United States Attorney
Southern District of West Virginia
Thursday, November 10, 2011
Utah Man Pleads Guilty in West Virginia to Charges Connected to Multi-million Dollar Mortgage Fraud Scheme
CHARLESTON, W.Va. — A Utah man pleaded guilty today in federal court before U.S. District Judge Thomas E. Johnston to charges connected to a multimillion-dollar mortgage fraud scheme involving properties at a Hurricane, W.Va., subdivision. Michael S. Hurd, 37, of Salt Lake City, pleaded guilty to conspiracy to commit wire fraud and bank fraud. The defendant also pleaded guilty to mail fraud arising out of his involvement in a similar scheme in Modesto, Calif.
Hurd admitted that during the early and mid-2000's, he operated a company called "The Gift Program," which he described as a "seller funded down payment assistance program" used to provide home buyer's money to make the down payment and initial mortgage payments on real estate purchases. Hurd further admitted that he used The Gift Program to create an elaborate scheme to defraud lenders by concealing the transfer of loan funds to the borrower from the lender. In essence, through the use of The Gift Program, lenders unwittingly funded their own down payment and made the initial mortgage payments.

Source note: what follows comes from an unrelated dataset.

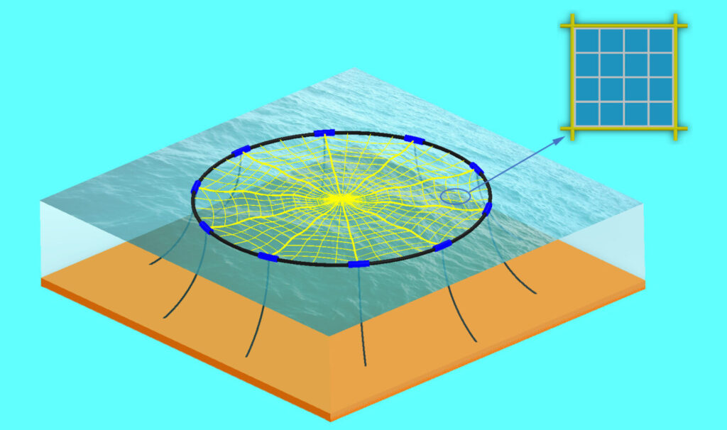 Los investigadores propusieron dos conceptos de diseño según el tipo de estructura de red. El primero emplea marcos formados por líneas tanto en espiral como radiales, lo que permite que el sistema se deforme con las olas como una estructura unificada. La configuración alternativa consiste en desplegar el sistema entre torres de aerogeneradores marinos, que proporcionan soporte estructural para la red. En ambos diseños, la matriz fotovoltaica presenta una disposición cuadrada.

Hurd admitted that in 2006 he became involved with Deborah and Todd Joyce of Hurricane in the "flipping" of homes in the Stonegate subdivision in that town. Deborah Joyce obtained inflated appraisals from two local appraisers, James Thornton and Mark Greenlee, and subsequently sent the appraisals on to another co-conspirator Raymond Morris in Salt Lake City. Morris identified investors to purchase those properties at fraudulently inflated prices. Morris then got those investors in contact with Hurd, who then used The Gift Program to conceal the transfer of a portion of the loan proceeds to the investor from the lender. Hurd admitted that he paid Morris an undisclosed "commission" for this referral.
Hurd also admitted that during the scheme, he wired additional loan funds to the investor to make initial mortgage payments. Once those funds ran out, the investors defaulted on the loans and the properties went into foreclosure. All told, Hurd, Joyce and Morris illegally flipped six properties in the Stonegate subdivision. The respective lender losses total almost $2 million.

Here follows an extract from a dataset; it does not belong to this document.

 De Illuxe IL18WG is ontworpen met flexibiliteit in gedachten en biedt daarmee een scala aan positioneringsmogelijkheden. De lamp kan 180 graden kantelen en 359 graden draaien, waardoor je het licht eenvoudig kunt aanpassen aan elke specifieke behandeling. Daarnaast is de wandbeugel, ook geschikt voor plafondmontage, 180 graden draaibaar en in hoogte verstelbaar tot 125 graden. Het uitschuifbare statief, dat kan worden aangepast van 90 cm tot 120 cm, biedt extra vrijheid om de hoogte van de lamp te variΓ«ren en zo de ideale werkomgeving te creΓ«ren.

At the same time, Morris and Hurd orchestrated a similar investment-type scheme in Modesto. Hurd acknowledged that he was involved in illegally flipping 20 properties with losses in excess of $5.5 million. As part of his plea agreement, Hurd agreed to transfer those charges from the Eastern District of California to the Southern District of West Virginia so the matters could be disposed of jointly.
Hurd faces up to 60 years in prison and a $2 million fine when he is sentenced on Feb. 29, 2012.

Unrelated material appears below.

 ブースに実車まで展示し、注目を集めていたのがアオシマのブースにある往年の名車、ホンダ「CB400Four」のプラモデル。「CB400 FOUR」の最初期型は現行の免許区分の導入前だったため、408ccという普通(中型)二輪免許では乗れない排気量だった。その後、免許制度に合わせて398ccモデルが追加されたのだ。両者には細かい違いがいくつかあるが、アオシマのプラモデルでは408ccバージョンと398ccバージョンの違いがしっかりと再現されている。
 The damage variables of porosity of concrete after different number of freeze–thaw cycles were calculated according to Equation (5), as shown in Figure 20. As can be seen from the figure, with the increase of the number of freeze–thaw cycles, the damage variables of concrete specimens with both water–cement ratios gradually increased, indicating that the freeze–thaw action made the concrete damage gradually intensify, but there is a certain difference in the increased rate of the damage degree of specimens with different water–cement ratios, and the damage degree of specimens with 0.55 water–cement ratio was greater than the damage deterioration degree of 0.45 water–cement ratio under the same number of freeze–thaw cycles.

Deborah Joyce was sentenced in April 2011 to 46 months in prison for her role in the scheme. Todd Joyce received an 18-month prison sentence. Thornton and Greenlee are set to be sentenced in December 2011. Hurd's co-conspirator, Raymond P. Morris, was charged in September 2011 and his trial is set for Feb. 28, 2012.
This case is being investigated by the FBI and the Internal Revenue Service – Criminal Investigation. Assistant U.S. Attorney Thomas Ryan from the Southern District of West Virginia is in charge of the prosecution.
This case was prosecuted as part of President Obama's Financial Fraud Enforcement Task Force to wage an aggressive, coordinated and proactive effort to investigate and prosecute financial crimes. The task force includes representatives from a broad range of federal agencies, regulatory authorities, inspectors general, and state and local law enforcement who, working together, bring to bear a powerful array of criminal and civil enforcement resources. The task force is working to improve efforts across the federal executive branch, and with state and local partners, to investigate and prosecute significant financial crimes, ensure just and effective punishment for those who perpetrate financial crimes, combat discrimination in the lending and financial markets, and recover proceeds for victims of financial crimes.